# Evap Canister---600$$



## psu711 (Jan 3, 2005)

Just took my 02 Max gle into a Nissan Dealership to find out why the check engine light came on, I know I should of went to AZ but a insurance company is involved and had to take it to a dealer..

Anywho, they just called and said the evaporator canister was leaking, and everything around it was rusted out.

He told me 3 part

Evap Canistor 173$
Something I forget 85$
and a bolt or something for 35$

with labor im looking at 550-600$ which im not real happy about.
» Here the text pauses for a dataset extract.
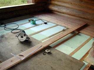 床は、27ミリの杉板を、溝切りカッターで加工して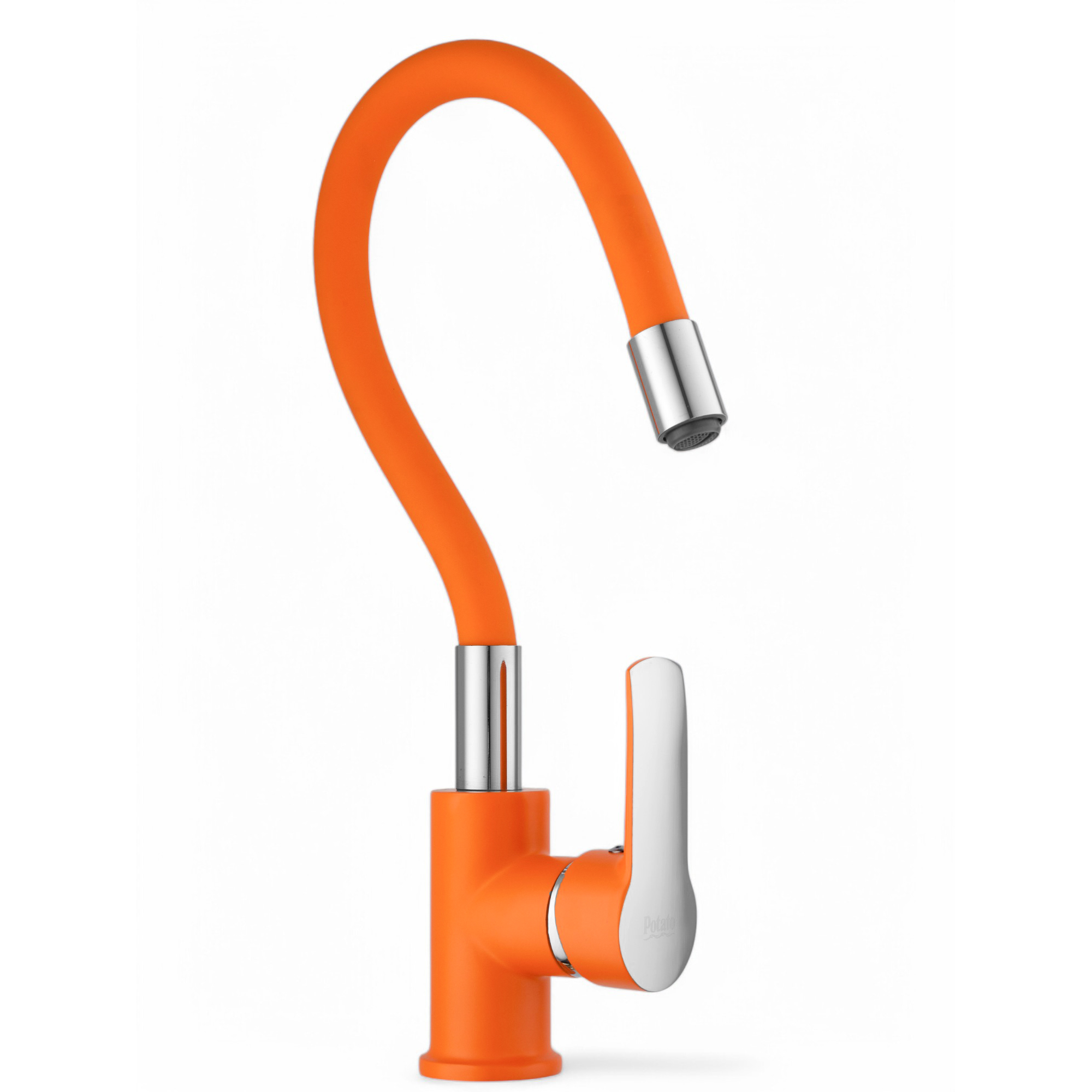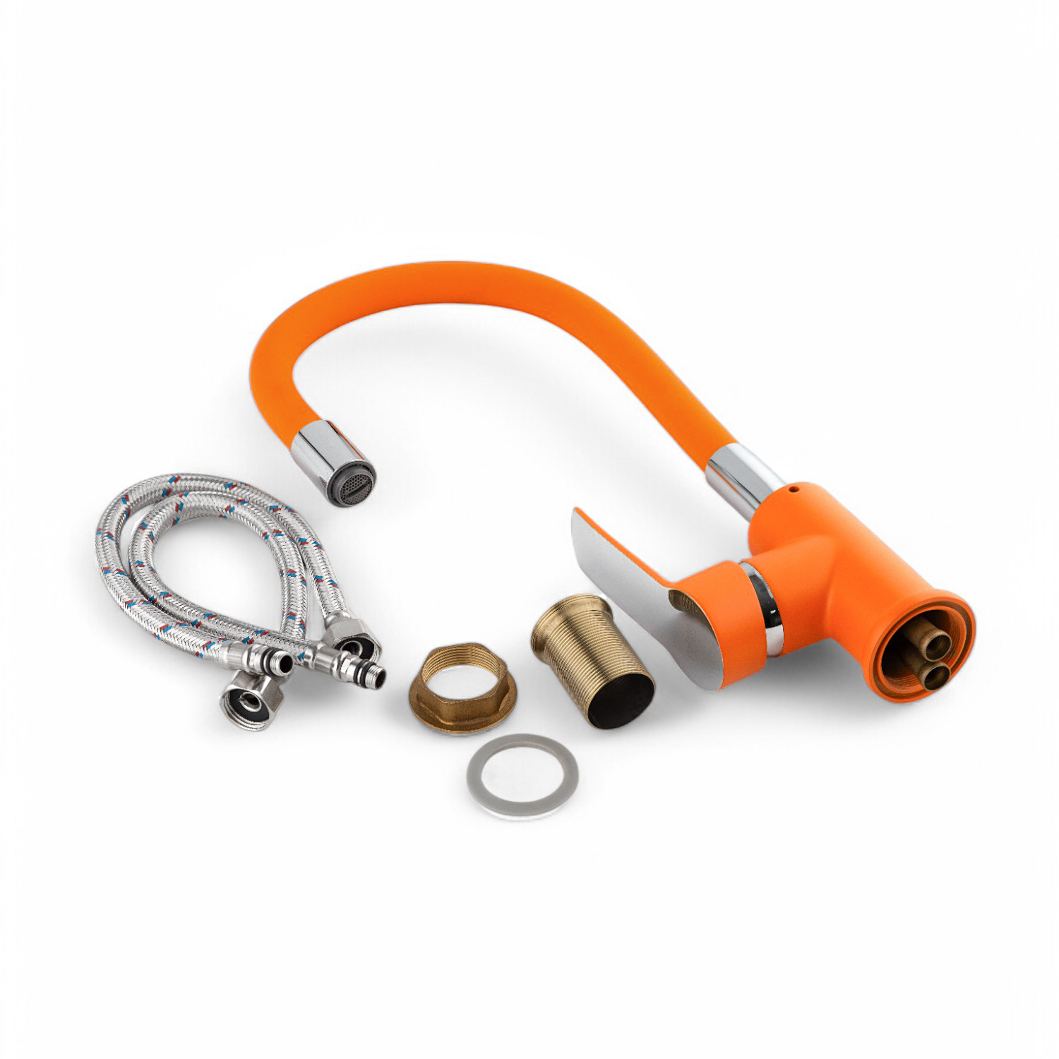 Смеситель для кухни с гибким изливом оранжевого цвета, хромированным аэратором и хромированной однорычажной ручкой — это стильное и функциональное решение для кухни и общественных мест. Аэрированный поток насыщает воду воздухом, что делает её более мягкой и приятной для использования.

Check engine light is on, and does not go off, can anyone tell me anything about this problem?? should I get it fixed? should I wait? Get another opinion?
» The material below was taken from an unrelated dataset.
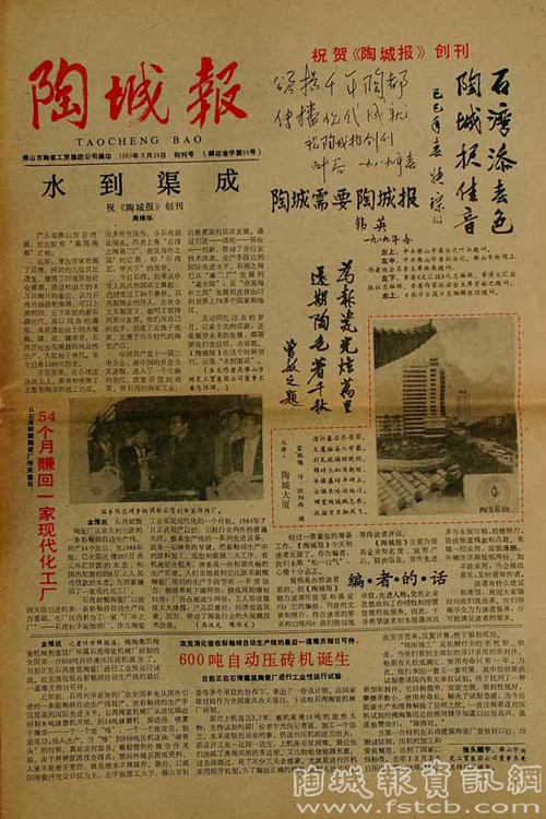 1989年3月28日,首家陶瓷行業(yè)媒體陶城報正式創(chuàng)刊。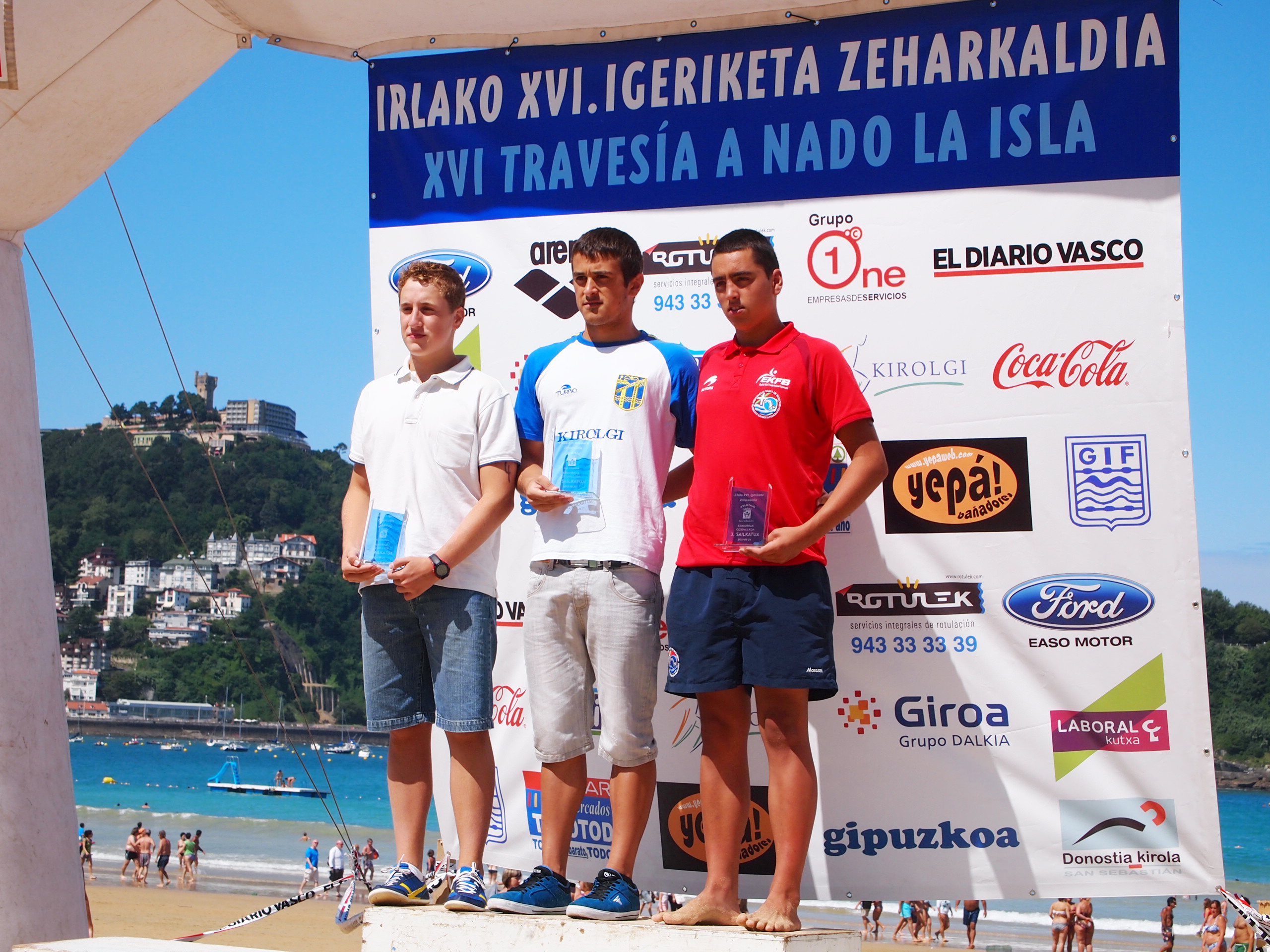Ondoren, 11:15etan, 15 minutuko atzerapenarekin, hasi zen helduen zeharkaldia leku berdinetik. Ia 400 igerilari ordu horretarako prest zeuden Atletiko San Sebastianen egoitzaren ondoan. Helmuga, hondartzako toki berdinean zegoen, eta guztira 3.000 metro egin behar izan zuten igerilariak, Santa Klarako irla zeharkatuz. Izarraitzetik igerilari batek hartu zuen parte, Pablo Etxeberria, eta postu ona lortu zuen. Pablo, seigarren postuan iritsi zen hondartzara, senior sailkapenean 3.

Any help or info is greatly appreciated.

Thanks


Oh Yeah, Insurance isn't paying for it....nice


----------



## NoKTournAL (Feb 11, 2003)

psu711 said:


> Just took my 02 Max gle into a Nissan Dealership to find out why the check engine light came on, I know I should of went to AZ but a insurance company is involved and had to take it to a dealer..
> 
> Anywho, they just called and said the evaporator canister was leaking, and everything around it was rusted out.
> 
> ...


mmm EVAP Small leak ??

Canister and Control valve + hardware. 

Price is about right, labor seems a bit excessive.


----------



## Sterling2000 (Mar 11, 2003)

I love my extended warranty


----------